Loop analyst downgrades Pinterest but sees long-term upside

Pinterest's (PINS) stock plunged nearly 17% on Friday as the social media company said in its latest earnings that its bottom line has taken a hit due to President Trump's tariffs.
The company reported $1.32 billion revenue for the fourth quarter, which narrowly missed analyst expectations of $1.33 billion. It also reported 67 cents earnings per share, which was in line with consensus estimates.
But the company's net income plummeted 85% for the quarter to $277 million from $1.9 billion the prior year.
It reported $541.5 million in adjusted earnings before interest, taxes, depreciation, and amortization (EBIDTA), which fell below Wall Street's expectation of $550 million.
Pinterest is expecting first-quarter sales to be between $951 million and $971 million, below the consensus estimate of $980 million.
Nearly all of Pinterest's revenue is generated through advertising, but the tariff-related drag on the ad business appears to be pushing Pinterest to begin exploring new avenues for growth.
"While we absorbed an exogenous shock this year related to tariffs, which are disproportionately affecting ad spend from our top retail advertisers, this quarter also underscored where we need to move faster," Pinterest CEO Bill Ready said in the company's earnings call. "Most importantly, we need to further broaden our revenue mix and accelerate the next phase of our sales and go-to-market transformation."

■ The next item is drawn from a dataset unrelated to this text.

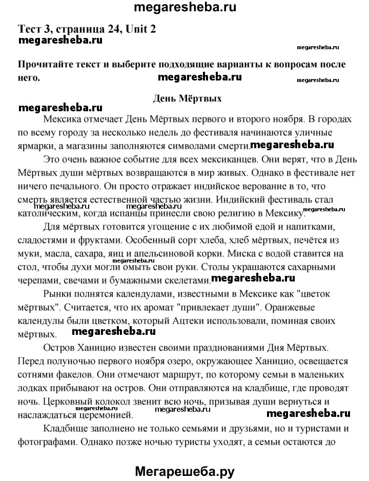 Подробный решебник (ГДЗ) по Английскому языку за 10 (десятый) класс Контрольные задания - готовый ответ unit 2 reading tests - 3. Авторы учебника: Афанасьева, Михеева, Углубленный уровень. Издательство: Просвещение 2016.

Pinterest CFO Julia Donnelly added that "our largest retail advertisers created a more meaningful headwind than we expected as they sought to protect their margins in this dynamic environment and pulled back on ad spend."

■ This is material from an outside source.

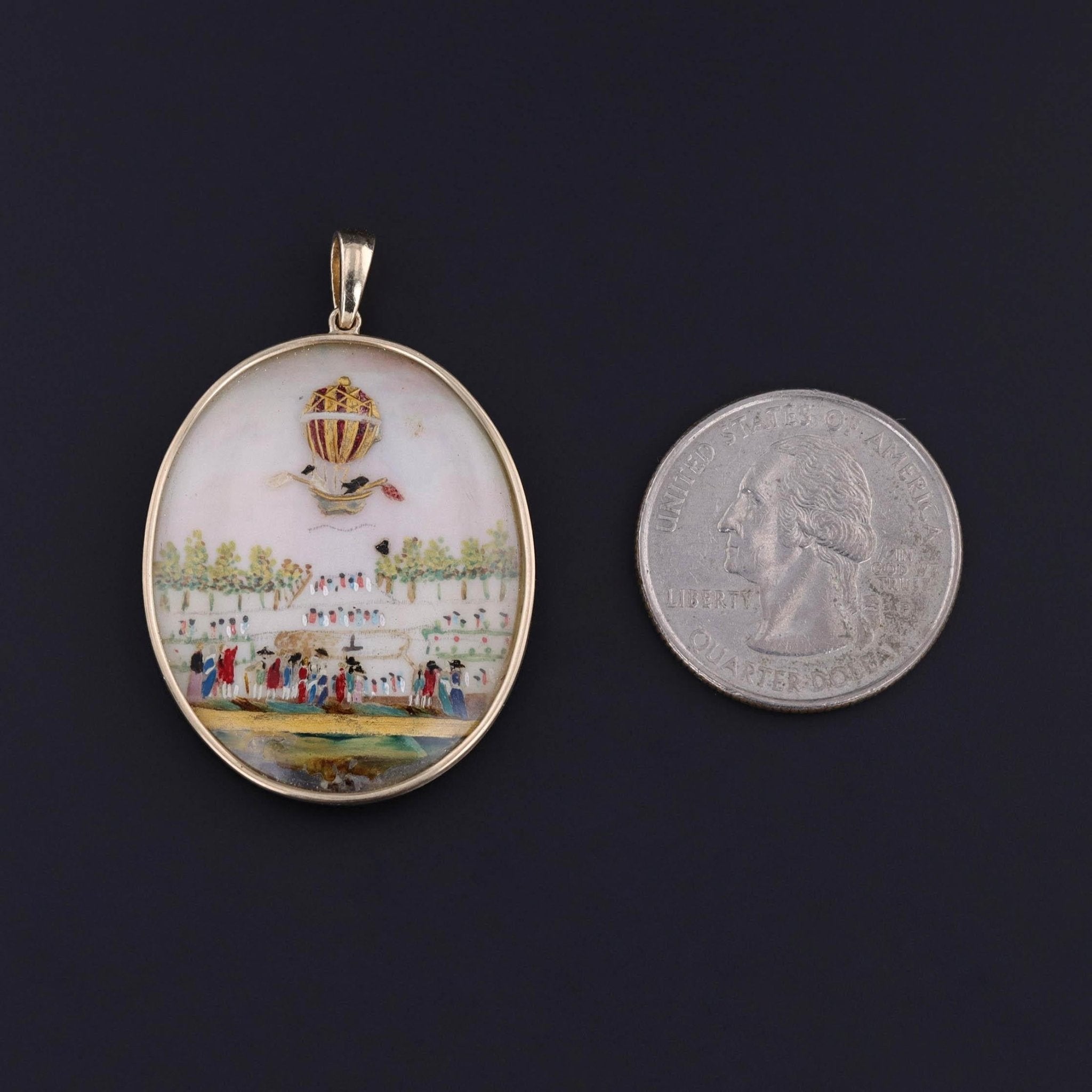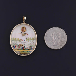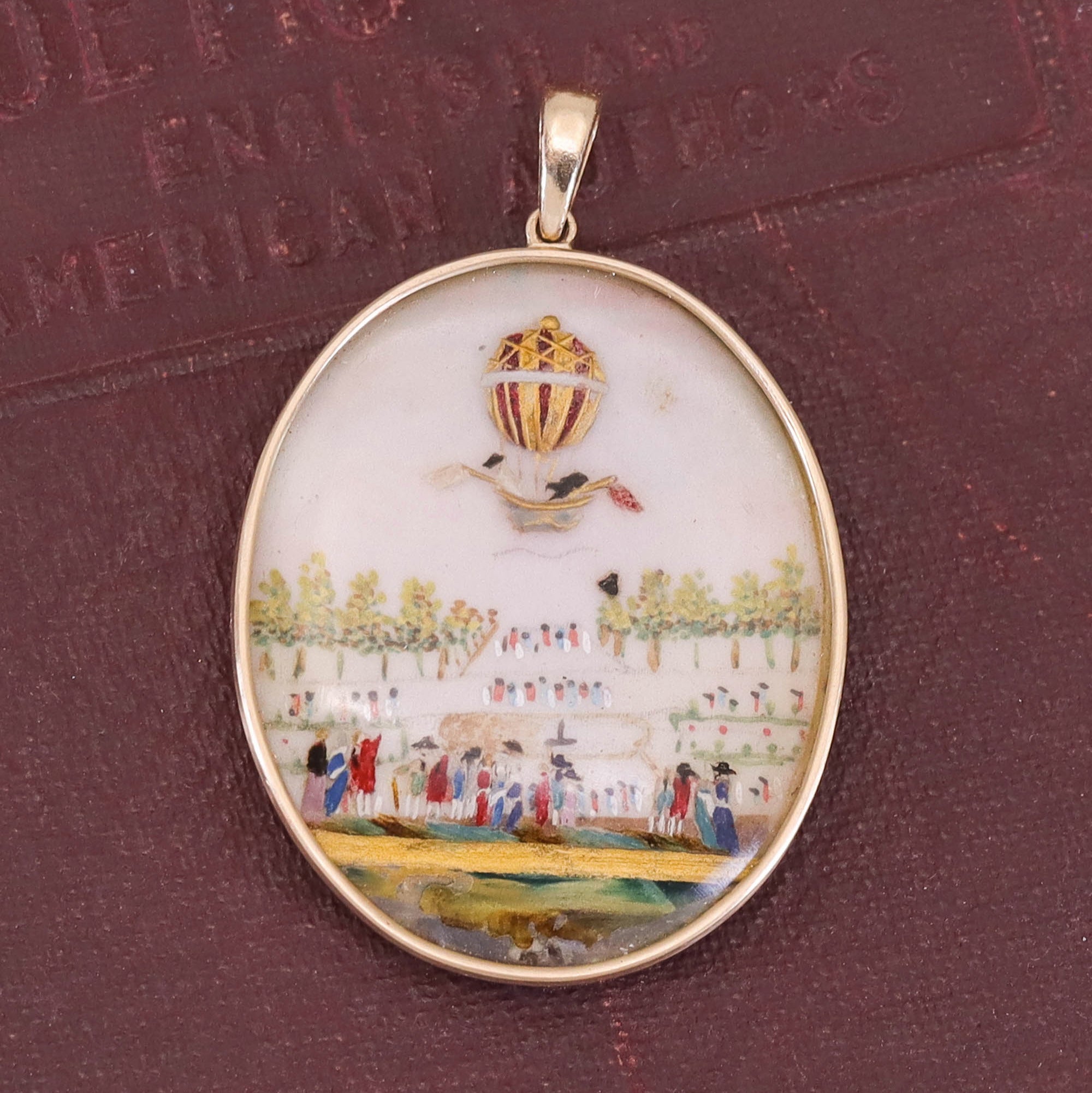 This remarkable pendant showcases a Georgian-era enamel miniature (circa 1783–1800), exquisitely hand-painted with a scene of spectators gathered to witness a hot air balloon ascent—a dazzling innovation of the time and a powerful symbol of Enlightenment-era curiosity and progress.

"We believe this pullback on ad spend from larger advertisers was felt across the industry, but impacted our platform to a higher degree given our current revenue mix," she said.

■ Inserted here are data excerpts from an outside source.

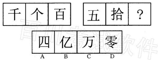 解析 每组图形,前两个图的笔画数之和为第三个图的笔画数。千(3)+个(3) =百(6),五(4)+拾(9)=零(13),故选 D。
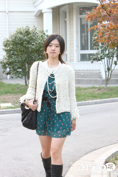 圆点雪纺连衣裙+黑色公主外套+长靴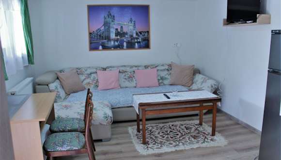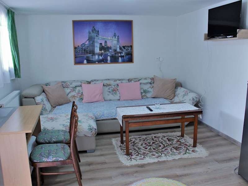 Das Apartment im Ubytovanie u Vlada ist gemütlich und komfortabel eingerichtet. Es verfügt über ein Schlafzimmer, ein Wohnzimmer, einen Flachbild-TV und eine voll ausgestattete Küche mit Kühlschrank und Mikrowelle. Das Badezimmer ist mit einer Dusche ausgestattet. Das Apartment bietet zudem einen Sitzbereich und ein weiteres Badezimmer. Von der Terrasse aus haben Sie einen schönen Blick auf den Garten.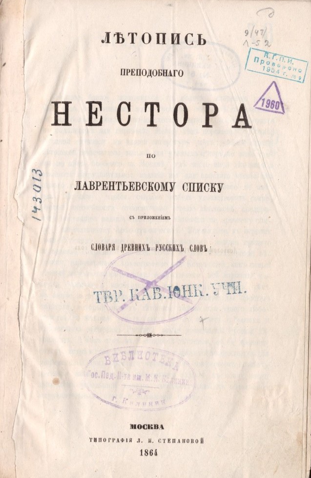 3. Летопись преподобного Нестора по Лаврентьевскому списку : c приложением словаря древних русских слов. - Москва : типография Л. И. Степановой, 1864. - [3], 172 с. ; 23,2 ; 22,4 см. - Словарь : с. 167-172.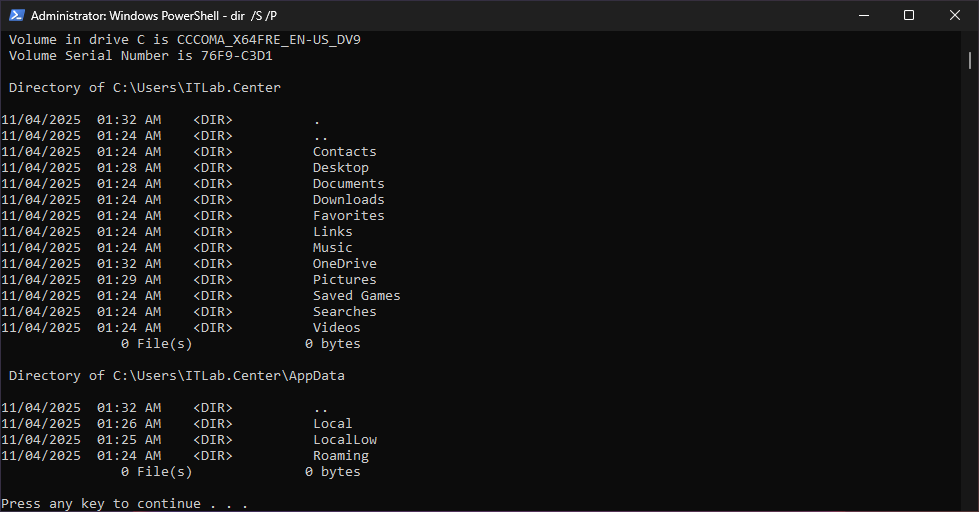 C:\Users\ITLab.Center>dir /S /P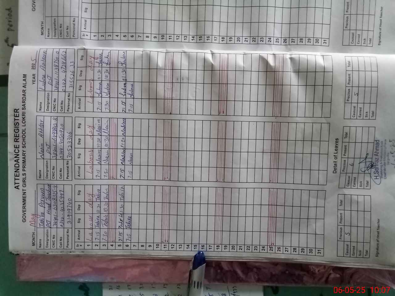 | CNIC | Full Name | Designation | R/C | Absence During Last Calender Month |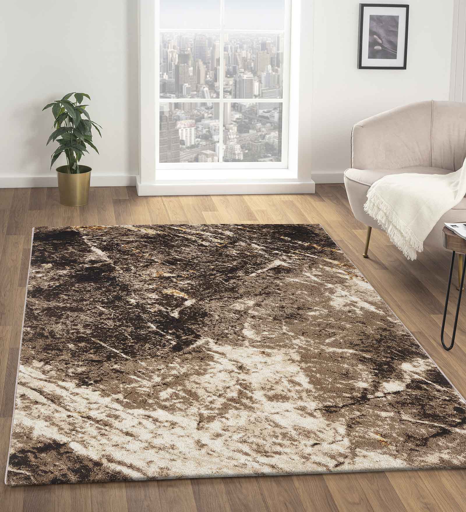 Reverie Abstract Machine Made Carpet Brown and Beige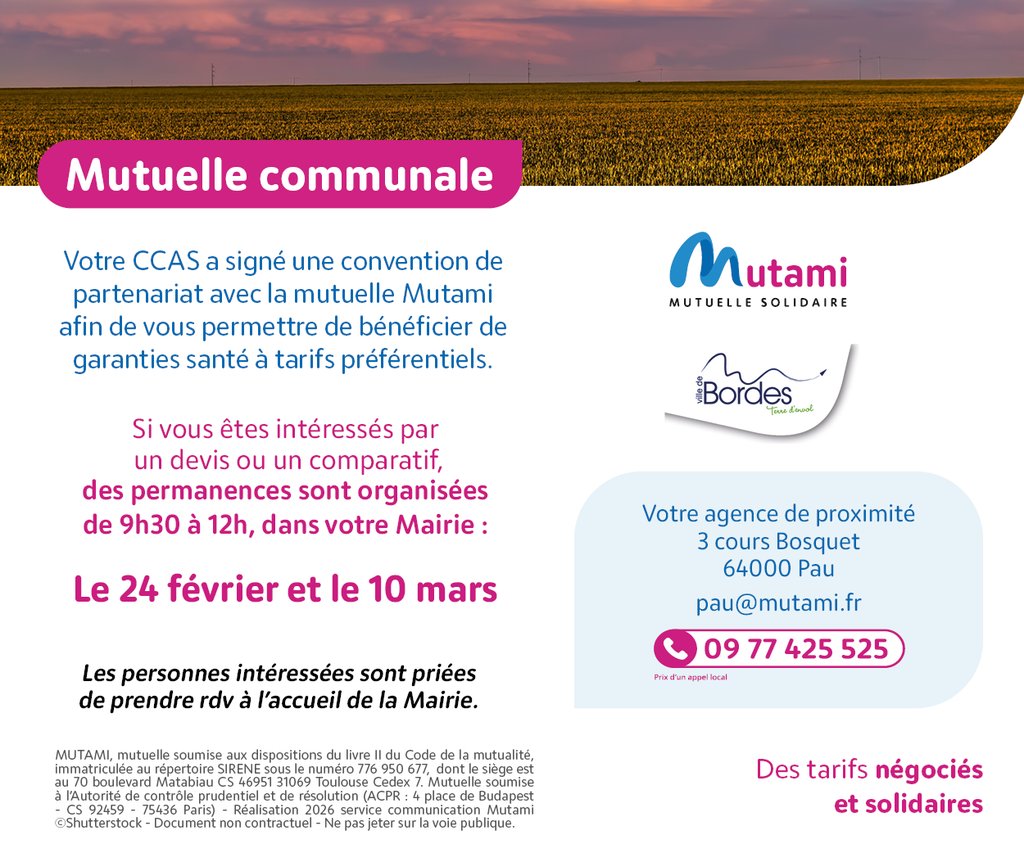 Votre commune a signé une convention de partenariat avec la mutuelle Mutami afin de vous permettre de bénéficier de tarifs préférentiels.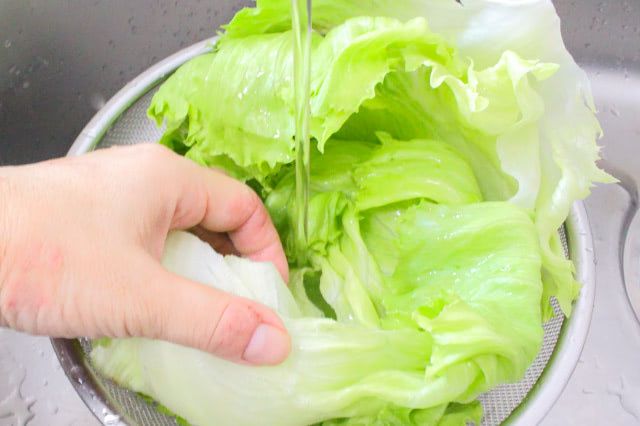 1. レタスをきれいに洗って、水分をしっかり拭き取ります。

Pinterest begins its restructuring
Pinterest announced in an SEC filing last month that it is undertaking a board-approved restructuring plan that will focus on redirecting resources toward artificial intelligence, while also slashing its workforce.
The San Francisco-based company said in its filing that it is planning layoffs that will affect "less than 15%" of its workforce and will also be reducing some of its office space. The company added that the reduction in workforce is being done "to support transformation initiatives."
Central to these initiatives will be "prioritizing AI-powered priorities and capabilities," as well as "accelerating the transformation of its sales and go-to-market approach."
Pinterest brought in Lee Brown as its new chief business officer a few weeks ago to lead the company's new go-to-market operations.
In response to an analyst question on the earnings call about what these changes could entail, Ready noted that the company will be "doubling down on broadening our revenue" that will focus on "mid-market enterprise and SMB advertisers and closing the monetization gap in international markets, including rethinking how we cover some of these areas."
"As with any sales transformation, there can be some modest disruption in the near term as we rebuild and retool the organization to best position the company for the long term," he said.
Meanwhile, Loop Capital analyst Rob Sanderson downgraded Pinterest's shares to Hold from Buy on Friday, while also slashing his price target 60% to $18 from $45.
"Our enthusiasm for Pinterest's unique use case, commercial relevance and strong user growth story is overshadowed by struggles to monetize and outsized exposure to unusual macro conditions," Sanderson said. "We think it will take several quarters at least to get through a sales reorg, absorb escalated spending, and restore investor confidence."
However, despite the near-term headwinds, Sanderson remains confident about the long-term prospects for Pinterest.
"We think the stock price collapse significantly understates the intrinsic value of Pinterest's uniquely commercial engagement and believe that long-term investors will be rewarded at these levels," he said.
Pinterest's stock has crashed over 40% so far this year.